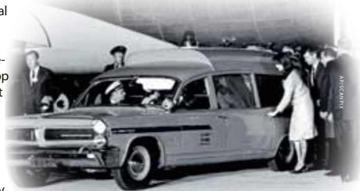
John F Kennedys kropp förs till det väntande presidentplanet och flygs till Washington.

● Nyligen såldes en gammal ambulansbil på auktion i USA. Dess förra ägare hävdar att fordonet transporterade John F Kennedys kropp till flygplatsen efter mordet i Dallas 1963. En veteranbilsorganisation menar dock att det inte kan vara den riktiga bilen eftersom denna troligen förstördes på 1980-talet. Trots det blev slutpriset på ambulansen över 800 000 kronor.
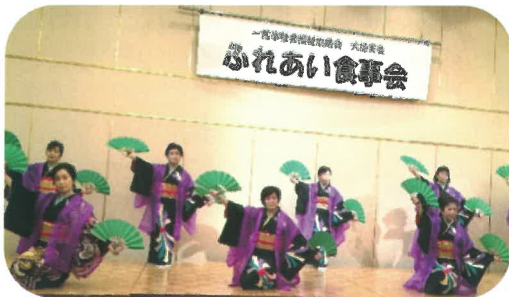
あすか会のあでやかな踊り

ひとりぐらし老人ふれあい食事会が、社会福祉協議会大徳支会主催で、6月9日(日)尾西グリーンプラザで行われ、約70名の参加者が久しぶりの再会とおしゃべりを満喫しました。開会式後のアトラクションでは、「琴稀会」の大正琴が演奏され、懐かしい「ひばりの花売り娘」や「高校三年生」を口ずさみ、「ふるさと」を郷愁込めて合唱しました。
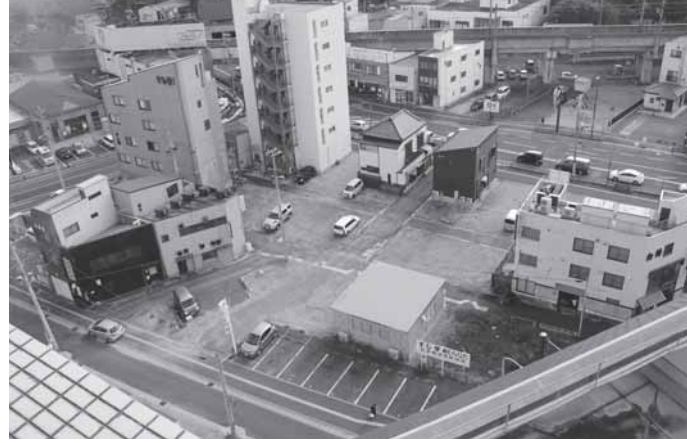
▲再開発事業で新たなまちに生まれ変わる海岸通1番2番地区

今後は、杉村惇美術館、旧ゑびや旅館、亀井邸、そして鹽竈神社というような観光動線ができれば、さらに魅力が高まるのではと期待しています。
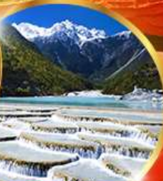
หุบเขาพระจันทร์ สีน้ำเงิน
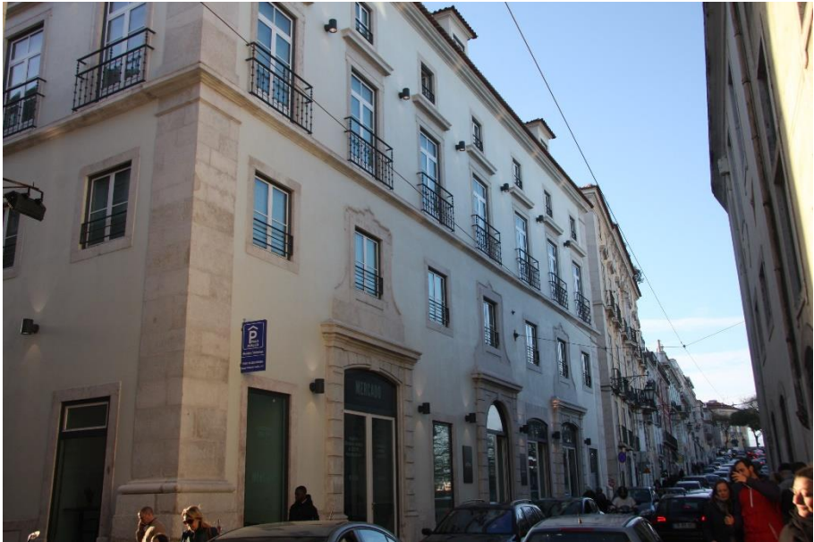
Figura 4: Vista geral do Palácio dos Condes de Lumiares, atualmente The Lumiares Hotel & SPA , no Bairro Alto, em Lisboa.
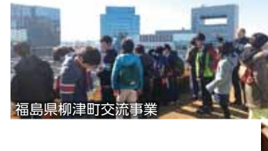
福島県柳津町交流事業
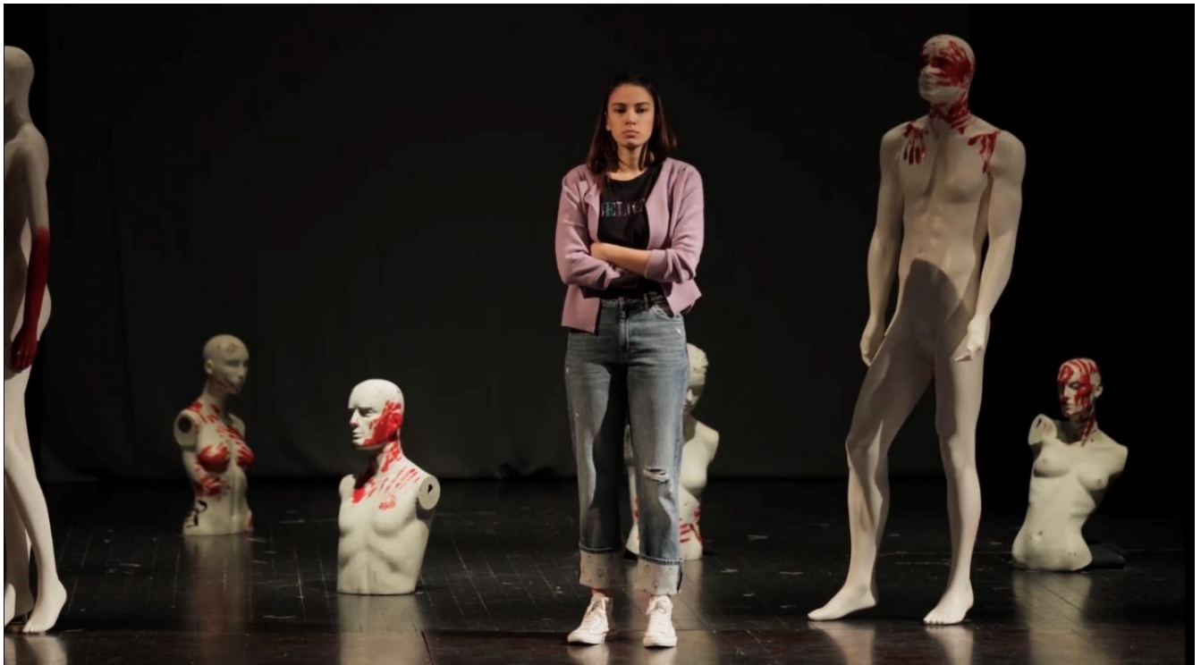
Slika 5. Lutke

Your objective:
Wherever the word "till" turns up in the records above, copy the line that holds it.

Response to the exercise:
John F Kennedys kropp förs till det väntande presidentplanet och flygs till Washington.
● Nyligen såldes en gammal ambulansbil på auktion i USA. Dess förra ägare hävdar att fordonet transporterade John F Kennedys kropp till flygplatsen efter mordet i Dallas 1963. En veteranbilsorganisation menar dock att det inte kan vara den riktiga bilen eftersom denna troligen förstördes på 1980-talet. Trots det blev slutpriset på ambulansen över 800 000 kronor.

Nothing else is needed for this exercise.